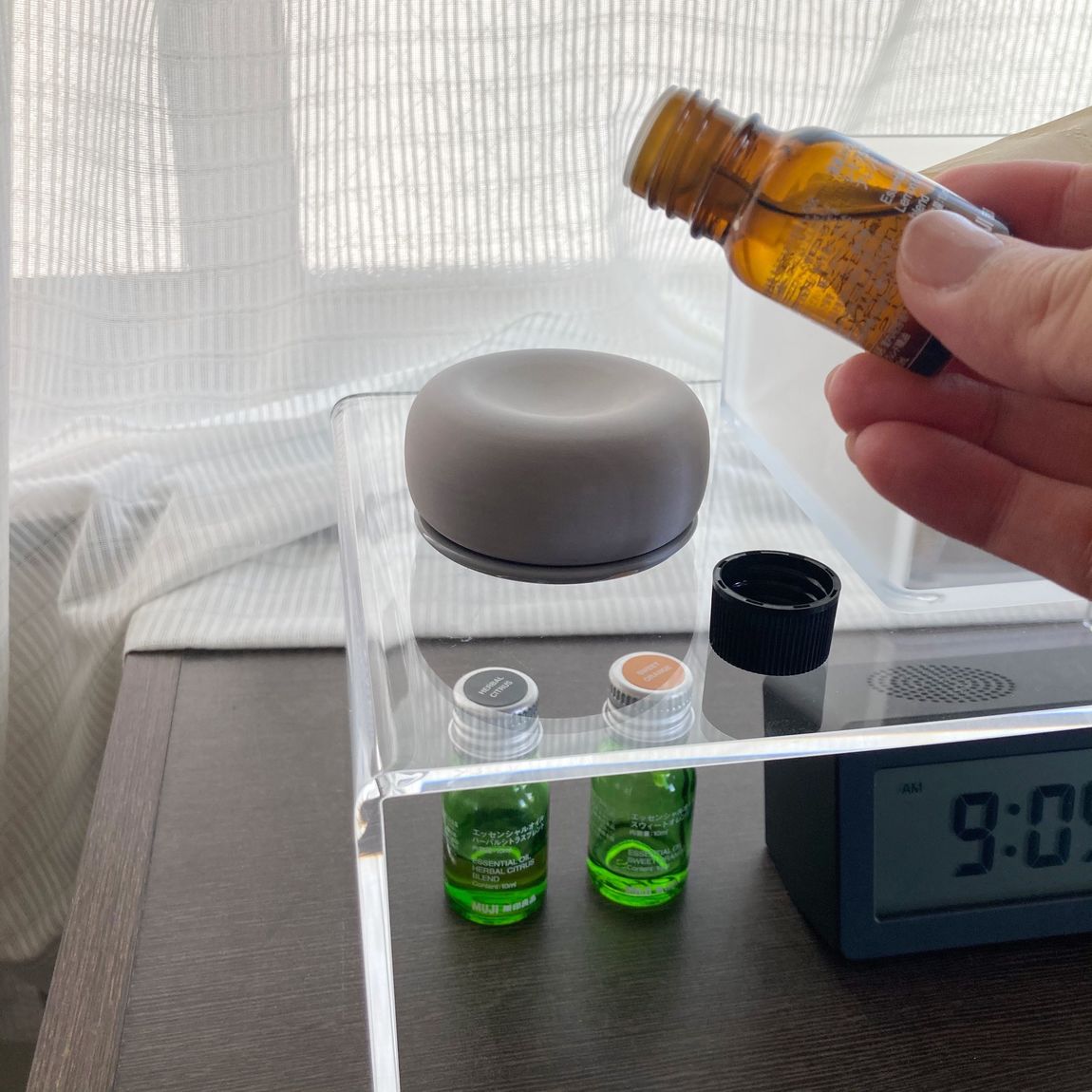 寝る前にアロマストーンにオイルをたらし、翌朝・・・
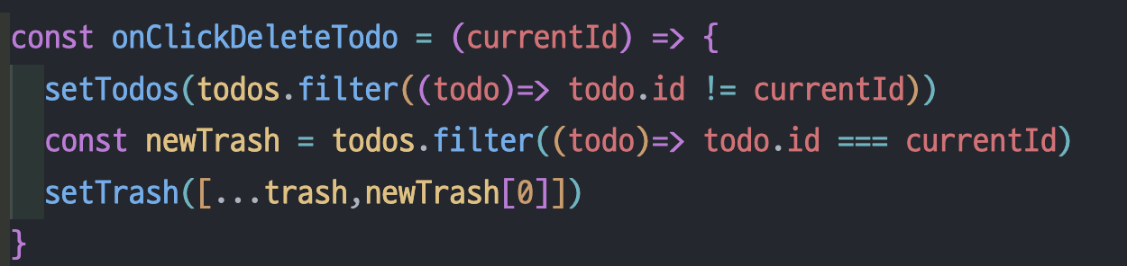 삭제 원리는 삭제버튼이 눌린 객체의 Id와 일치하지 않는 객체만을 반환하는 겁니다. 이렇게 되면 일치하는 객체는 반환되지 않으며 최종적으로 todos State에서 사라지게 되겠죠.
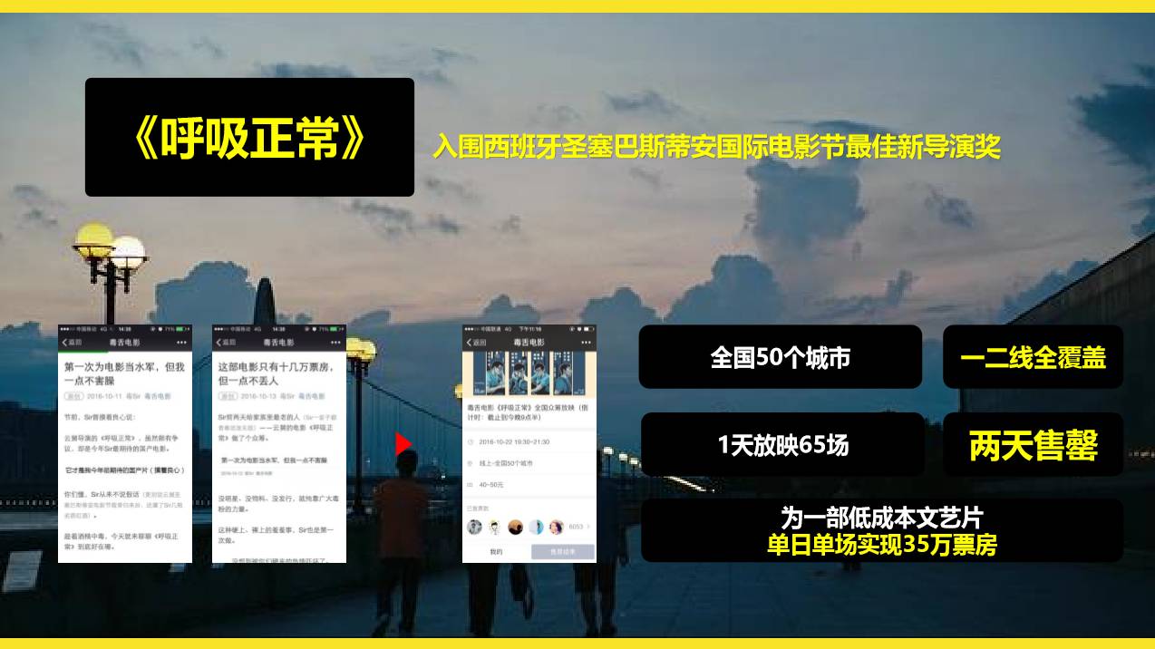 后来我们又尝试了一个更有意思的事情——众筹放映,做了《呼吸正常》这个片子。在50个城市放了65场,帮一部没有机会在院线上映的艺术片,实现了35万票房,7000多人参与,这是真正来自影迷的高端院线,全新的电影发行模式。我们也做了一个影业公司,希望可以实现颠覆、孵化以及反向定制的。
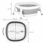 Skládací masážní vanička na nohy. Pevný a odolný materiál, promyšlený design. Výklopné, protiskluzové nožky, vypouštěcí zátka. Použitá konstrukce umožňuje rychlé skládání a rozkládání. Snadné skladování, nezabírá místo. Vhodné pro každodení použití, na aromatickou koupel nebo masáž.
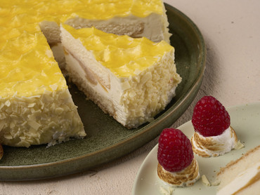 Panna-Cotta-Pfirsichtorte mit Baiser und Himbeeren
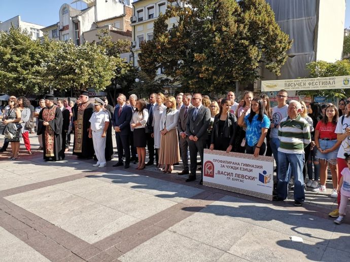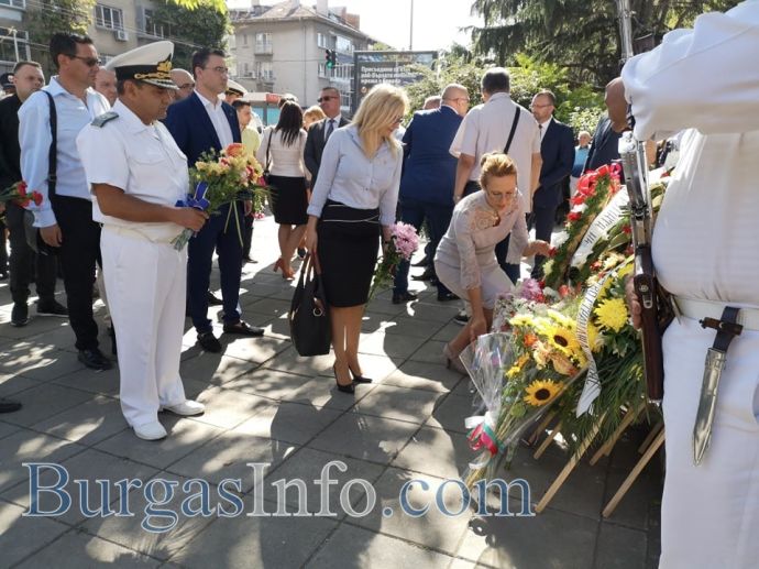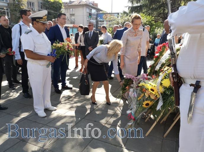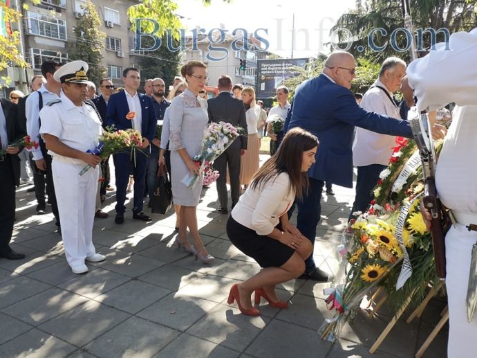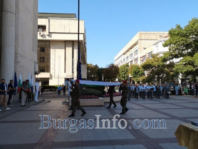 С ритуал по вдигане на националното знаме пред сградата на Община Бургас започна тържественото отбелязване на Деня на независимостта в града. На церемонията присъстваха областният управител Вълчо Чолаков, зам. кметът Диана Саватева, депутати и общински съветници от различни политически сили.
----
#### [WORK INSTRUCTION]
Where the data includes pictures, leave them out and write out everything else exactly.

#### [COMPLETED EXERCISE]
 寝る前にアロマストーンにオイルをたらし、翌朝・・・
 삭제 원리는 삭제버튼이 눌린 객체의 Id와 일치하지 않는 객체만을 반환하는 겁니다. 이렇게 되면 일치하는 객체는 반환되지 않으며 최종적으로 todos State에서 사라지게 되겠죠.
 后来我们又尝试了一个更有意思的事情——众筹放映,做了《呼吸正常》这个片子。在50个城市放了65场,帮一部没有机会在院线上映的艺术片,实现了35万票房,7000多人参与,这是真正来自影迷的高端院线,全新的电影发行模式。我们也做了一个影业公司,希望可以实现颠覆、孵化以及反向定制的。
 Skládací masážní vanička na nohy. Pevný a odolný materiál, promyšlený design. Výklopné, protiskluzové nožky, vypouštěcí zátka. Použitá konstrukce umožňuje rychlé skládání a rozkládání. Snadné skladování, nezabírá místo. Vhodné pro každodení použití, na aromatickou koupel nebo masáž.
 Panna-Cotta-Pfirsichtorte mit Baiser und Himbeeren
 С ритуал по вдигане на националното знаме пред сградата на Община Бургас започна тържественото отбелязване на Деня на независимостта в града. На церемонията присъстваха областният управител Вълчо Чолаков, зам. кметът Диана Саватева, депутати и общински съветници от различни политически сили.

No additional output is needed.